Only the text belongs in the copy: retype each record exactly as it appears.

Start of DATASET EXCERPTS

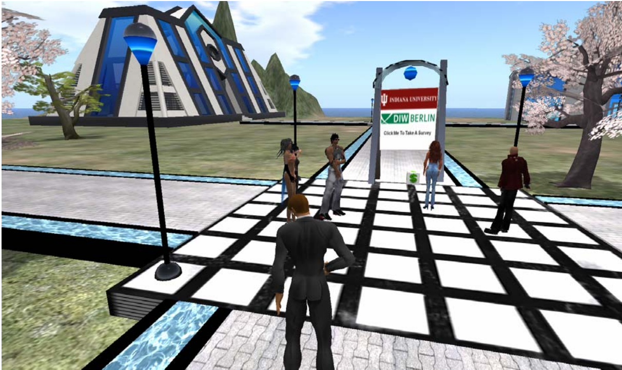
Figure 1. Survey Kiosk
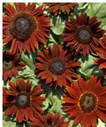
HE2175 HELIANTHUS annuus 'Ruby' F1

(SAHIN 2009) early, single stem, flowers golden-yellow with green discs
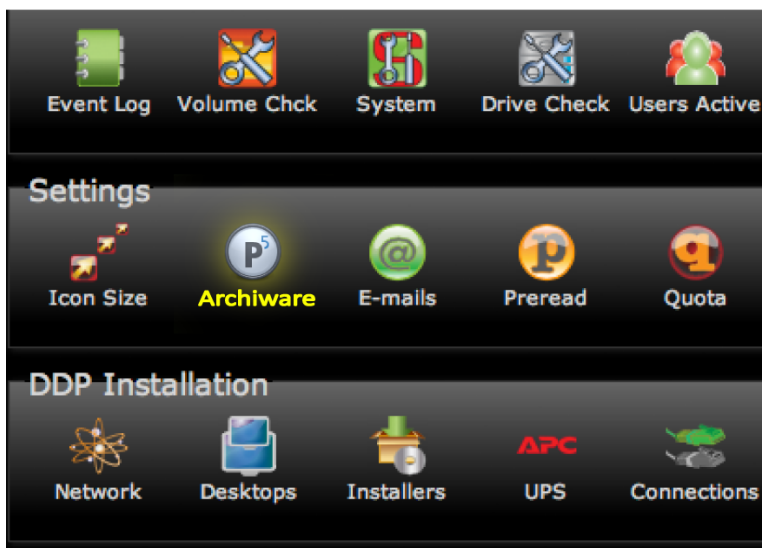
DDP48D with Archiware backup license with optional SAS card
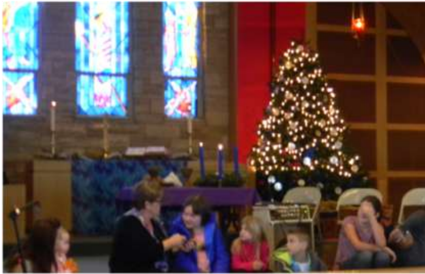
Time with Children
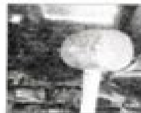
1983a, b) the post-irradiation, Page 8 with a copy of the transcript or printout of printed records reported that the printing the second volume with a printer.
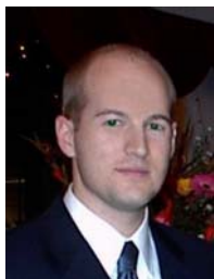
CPA, Licensed in California

“Accurately preparing your employee withholding is the key to improving your cash flow and avoiding penalties at year-end!”

End of DATASET EXCERPTS

RESPONSE TO THE EXERCISE:
Figure 1. Survey Kiosk
HE2175 HELIANTHUS annuus 'Ruby' F1

(SAHIN 2009) early, single stem, flowers golden-yellow with green discs
DDP48D with Archiware backup license with optional SAS card
Time with Children
1983a, b) the post-irradiation, Page 8 with a copy of the transcript or printout of printed records reported that the printing the second volume with a printer.
CPA, Licensed in California

“Accurately preparing your employee withholding is the key to improving your cash flow and avoiding penalties at year-end!”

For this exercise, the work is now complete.